1. Prove analytically that \sum_{i=1}^{*n*} 1/*i* = ln *n*
+ \Theta(1) for an integer *n* >= 1. (Hint: If you have problems
with this kind of basic calculus, the book [Ronald L. Graham, Donald E.
Knuth, and Oren Patashnik, *Concrete Mathematics: A Foundation for Computer
Science*, 2nd edition, Addison-Wesley Publishing Company, Reading (1994)]
is a must for you.)

2. [Jon Bentley, *Programming Pearls*, Addison-Wesley Publishing
Company, Reading (1986), Exercise 6, p. 90] How can sentinels be used in
a program to find a maximum element in an array? How can sentinels decrease
the search time in sets represented by linked lists, hash tables, and binary
search trees?

3. Assume that a binary tree is being represented as follows:

`template <class D>`

`struct Node { `

`D data; `

`Node* left; `

`Node* right;`

`Node(const D & v, Node* p, Node* q) : data(v), left(p), right(q)
{ `

`} `

`}; `

Remove the recursion from the following C++ program that is also available electronically with a small driver. Try to make your solution as space-efficient as possible.

`void inorder(ostream& s, Node* root) {`

`if (root != 0) { `

`inorder(s, root -> left); `

`s << root -> data; `

`inorder(s, root -> right); `

`} `

`} `

4. Assume that *n* is a positive integer that fits into one machine
word. Consider the problem of computing the whole-number logarithm of *n*.
This problem can be solved in constant time with the following float-conversion
hack which is taken from [Arne Andersson and Mikkel Thorup, *A
pragmatic implementation of monotone priority queues*, Worldwide
Web Document (1997)].

`typedef struct { `

`unsigned int signbit : 1; `

`unsigned int exponentbias1023 : 11; `

`/* unsigned int mantissa : 52; */ `

`} doublemask;`

`typedef union { `

`double as_double; `

`doublemask as_mask; `

`} doubleandmask;`

`/* Takes a 32-bit word and finds the leftmost 1-bit */`

`inline unsigned int leftmost_one(unsigned int n) { `

`doubleandmask fm; `

`fm.as_double = (double) n; `

`return (fm.as_mask.exponentbias1023 - 1023); `

`} `

Propose alternative solutions for the problem and time these solutions against the float-conversion hack.

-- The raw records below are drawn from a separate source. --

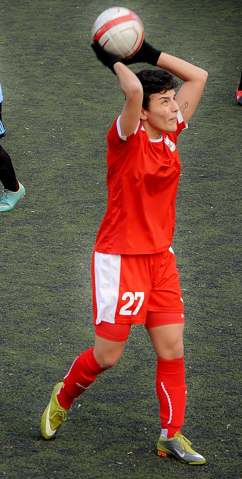 Cansu Yağ Konak Belediyespor midfielder in the Turkish Women's First League match against Marmara Üniversitesi Spor on Jan 12, 2014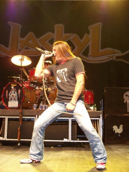 Jesse James Dupree on stage with Jackyl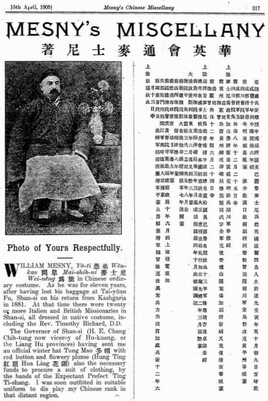 Taken from Mesny's Miscellany, 1905. Picture of him in 1881. No copyright. With kind permission of Jim Thompson who put all this material onto a CD for me.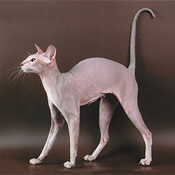 Lilac tabby Peterbald female Tamila of Natural Elegance.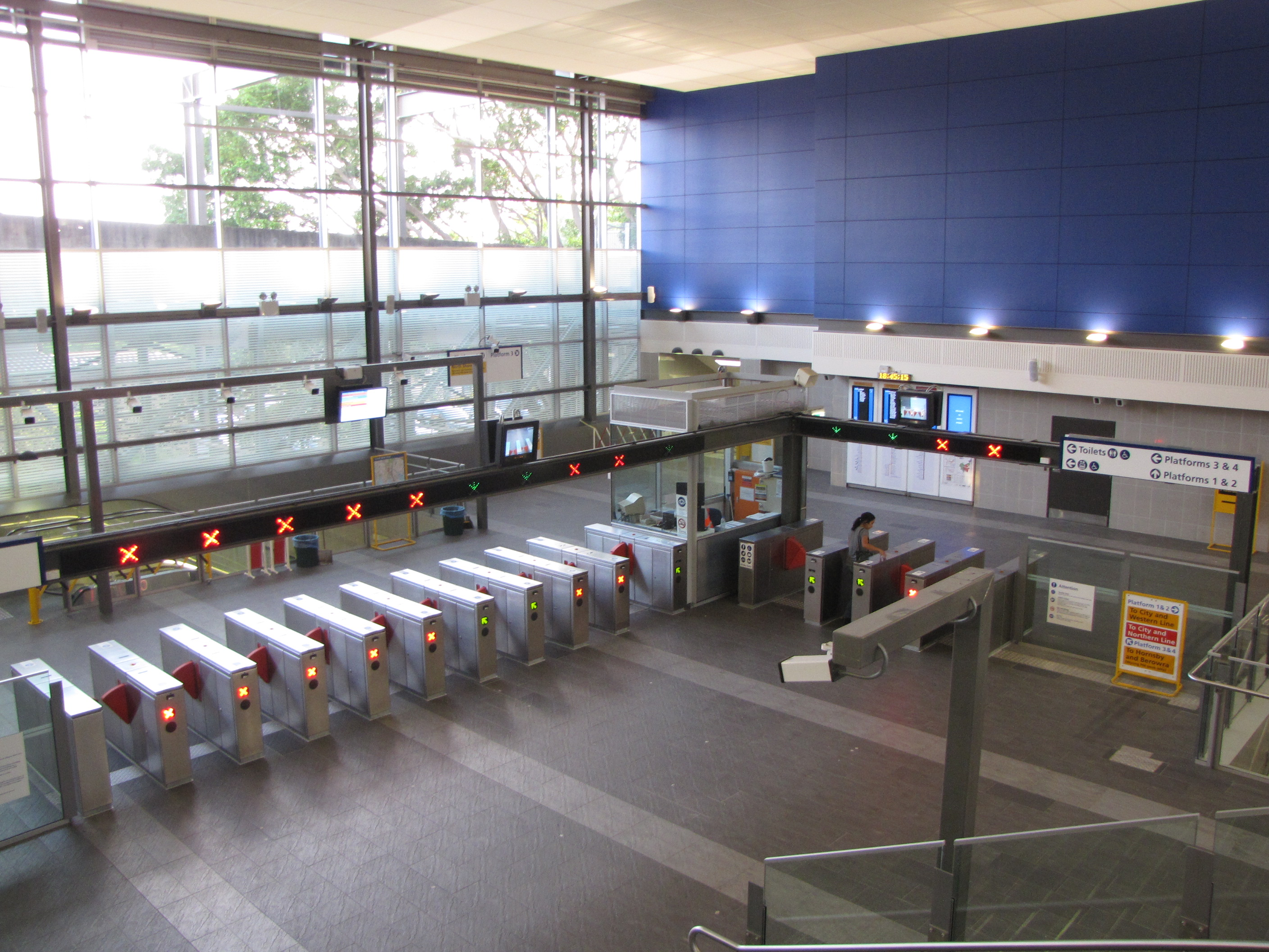 North Sydney Railway Station concourse. From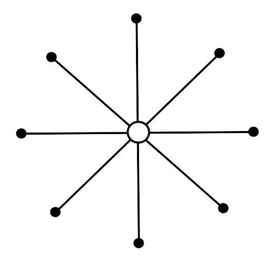 Diagram showing the directions of embusen and the kiten. Karate kate will typically proceed along lines of embusen and start and finish on the kiten.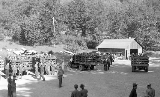 Civilian Conservation Corps work detail departing Camp 1650 at Rand Ranger Station; near Galice, Oregon (1935)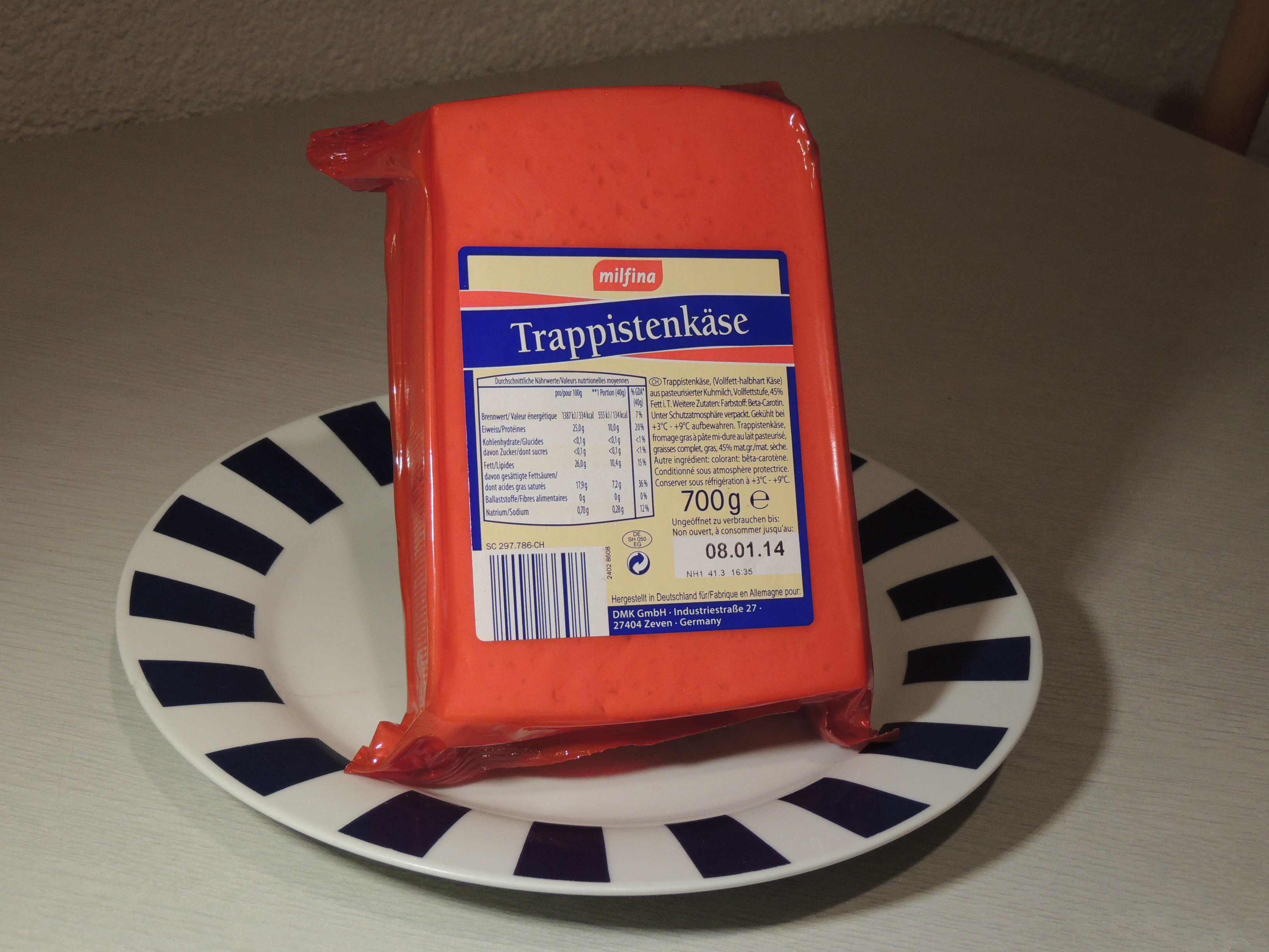 Packed Trappisten-cheese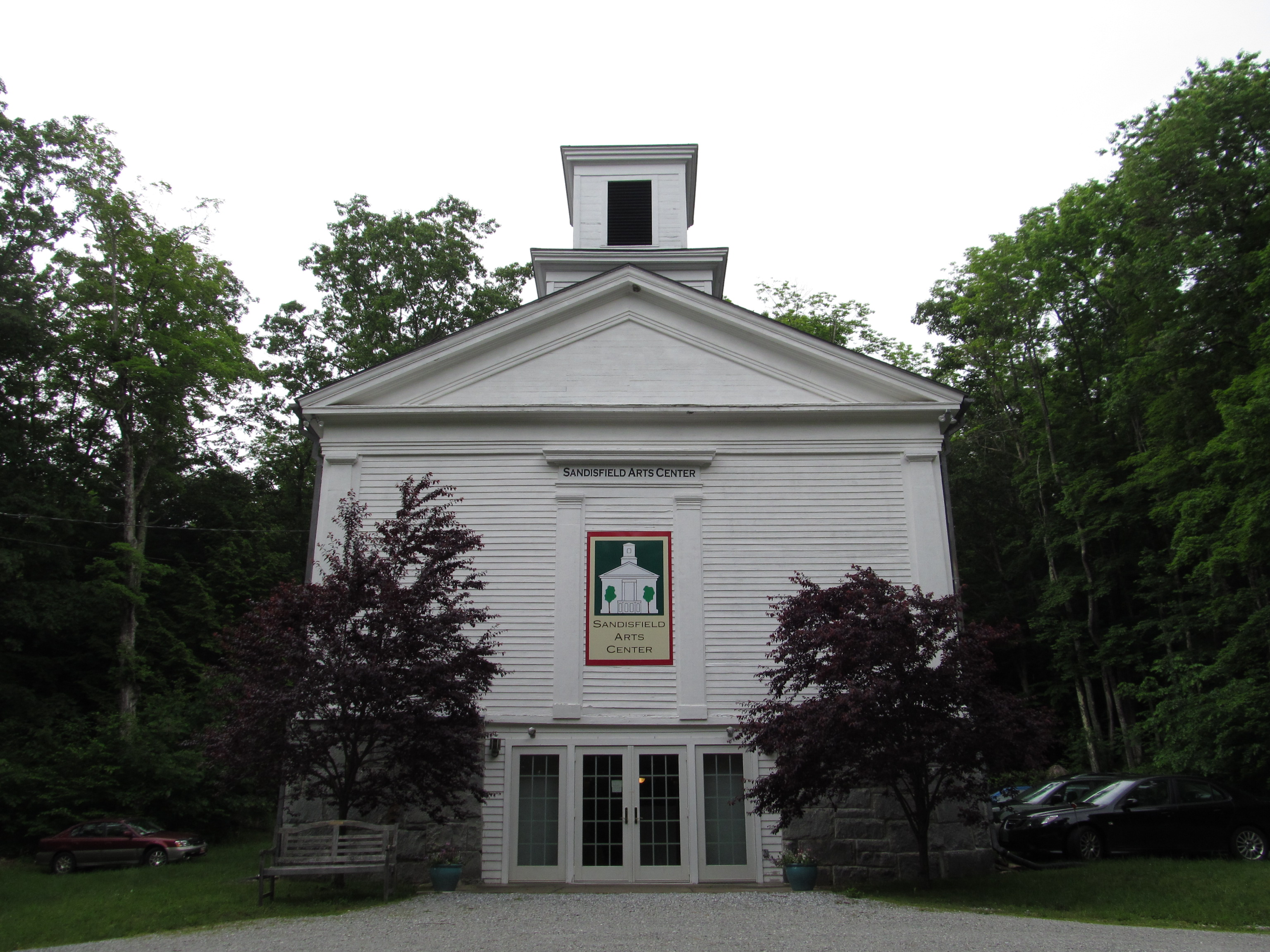 Sandisfield Arts Center, Montville Massachusetts

Implement at least two variants of Kruskal's algorithm for finding a
minimum spanning tree of a given undirected, weighted, and connected graph
*G* = (*V*, *E*, *w*). Assume that the vertex set *V*
of the input graph is a subset of {0,1,...,*N*}, where *N* is
some non-negative integer. The vertex set is represented as a boolean array
so that `true` in position *i* of this array means that vertex
*i *is present, and `false` that it is not. The edge set *E*
is represented as an array of edges. Furthermore, assume that edge weights
given by the function *w*are non-negative integers that fit into one
machine word, but note that the sum of two weights can already give an
overflow.

In computing literature several improvements to Kruskal's algorithm have been proposed. Below I list some them; you are welcome to use any of them in your implementation, but you should also think if there are other possibilities.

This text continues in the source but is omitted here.